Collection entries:
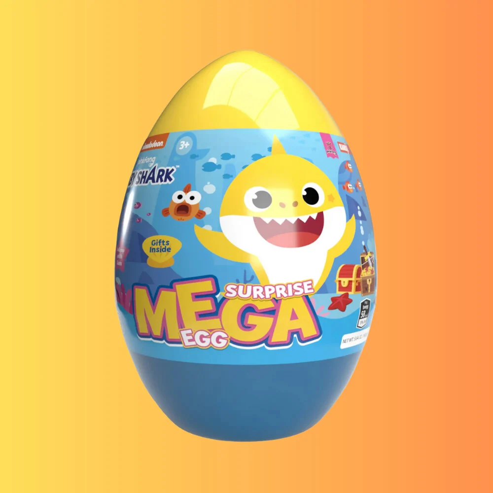 A Mega Surprise Egg egy szórakoztató, Baby Shark témájú meglepetés tojás, amely édességet és egy praktikus perselyt rejt. Ideális ajándék gyerekeknek és gyűjtőknek egyaránt.
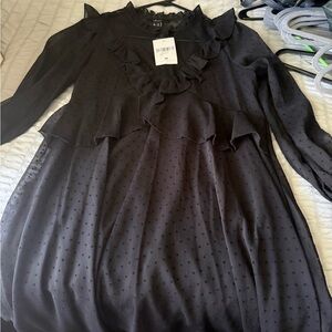 Forever 21 Black Long Sleeve Ruffled Dress
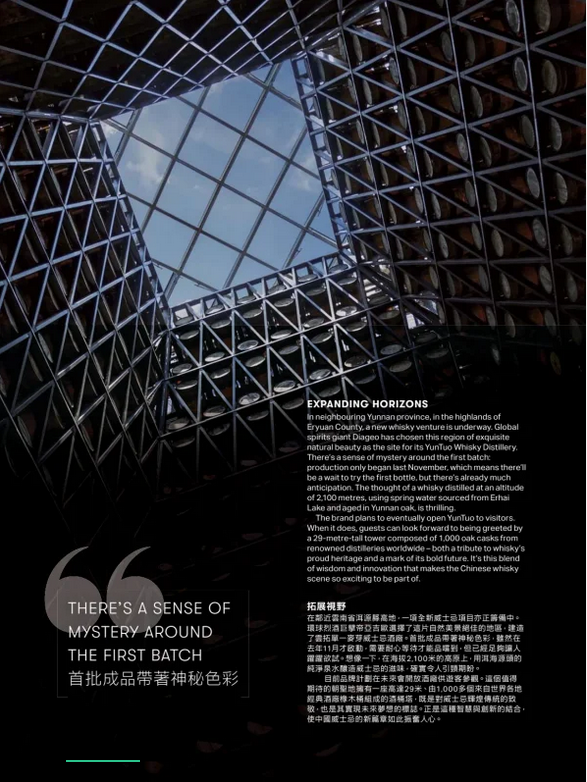 In neighboring Yunnan province, in the highlands of Eryuan County, a new whisky venture is underway. Global spirits giant Diageo has chosen this region of exquisite natural beauty as the site for its YunTuo Whisky Distillery.
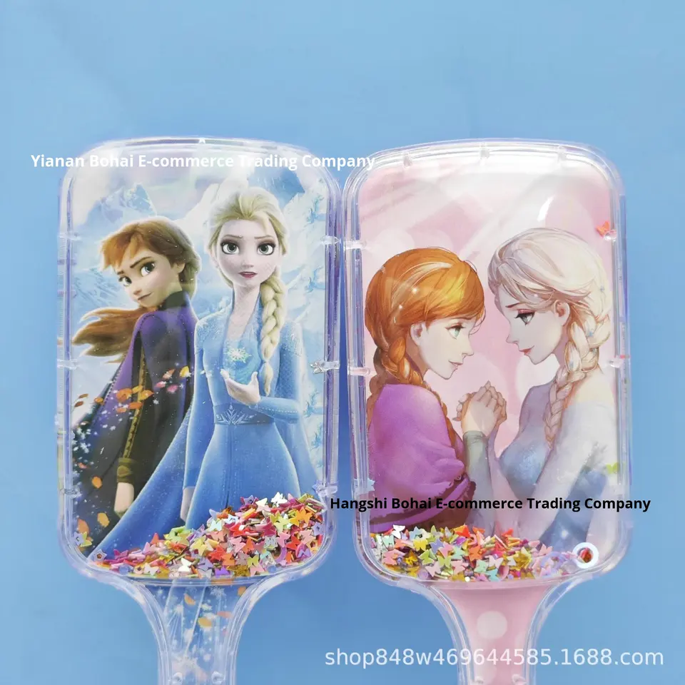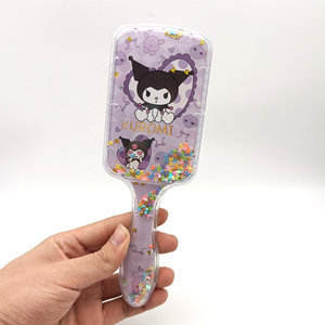 Glace neige carré Long manche Nylon Sequin liquide sable cheveux peigne Sanrio Hello Kitty dessin animé mignon Massage peigne en gros
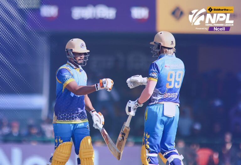 अर्जुन घर्तीले २५, बाबर हायातले २०, र चाडविक वाल्टनले १३ रनको योगदान गरे । लुम्बिनीका विकास आग्रीले तीन तथा तिलक भण्डारीले दुई विकेट लिए। कप्तान रोहित पाैडेल र सिमोन्ड्स सादबिन जाफरले समान एक/एक विकेट हात पारे । लुम्बिनीले केहि बेरमा जवाफी ब्याटिङ सुरु गर्ने छ ।
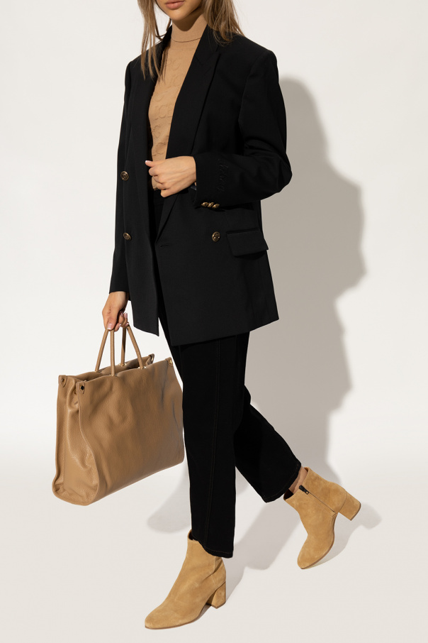 Beige ‘City’ heeled ankle boots from Common Projects. Crafted from suede, this model sits on a light beige leather sole and features a gold-tone graphic print and a zipper on the side.
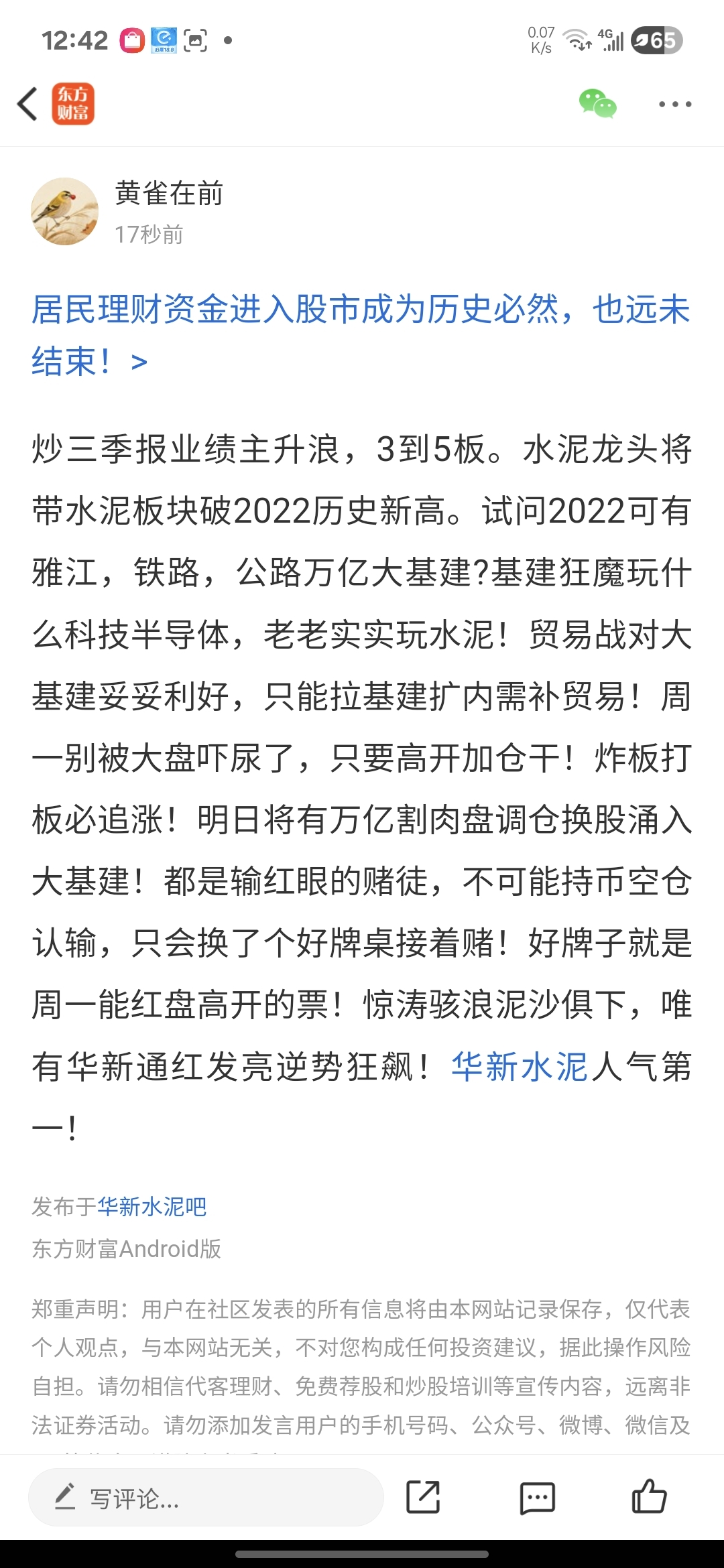 温馨提示: 1.根据《证券法》规定,禁止编造、传播虚假信息或者误导性信息,扰乱证券市场;2.用户在本社区发表的所有资料、言论等仅代表个人观点,与本网站立场无关,不对您构成任何投资建议。用户应基于自己的独立判断,自行决定证券投资并承担相应风险。《东方财富社区管理规定》

> _Instructions for the task_
The lines from the start of the data through the line that contains "अर्जुन घर्तीले २५, बाबर" are to be returned exactly, please, with both ends included and every picture left out.

> _Result of the exercise_
 A Mega Surprise Egg egy szórakoztató, Baby Shark témájú meglepetés tojás, amely édességet és egy praktikus perselyt rejt. Ideális ajándék gyerekeknek és gyűjtőknek egyaránt.
 Forever 21 Black Long Sleeve Ruffled Dress
 In neighboring Yunnan province, in the highlands of Eryuan County, a new whisky venture is underway. Global spirits giant Diageo has chosen this region of exquisite natural beauty as the site for its YunTuo Whisky Distillery.
 Glace neige carré Long manche Nylon Sequin liquide sable cheveux peigne Sanrio Hello Kitty dessin animé mignon Massage peigne en gros
 अर्जुन घर्तीले २५, बाबर हायातले २०, र चाडविक वाल्टनले १३ रनको योगदान गरे । लुम्बिनीका विकास आग्रीले तीन तथा तिलक भण्डारीले दुई विकेट लिए। कप्तान रोहित पाैडेल र सिमोन्ड्स सादबिन जाफरले समान एक/एक विकेट हात पारे । लुम्बिनीले केहि बेरमा जवाफी ब्याटिङ सुरु गर्ने छ ।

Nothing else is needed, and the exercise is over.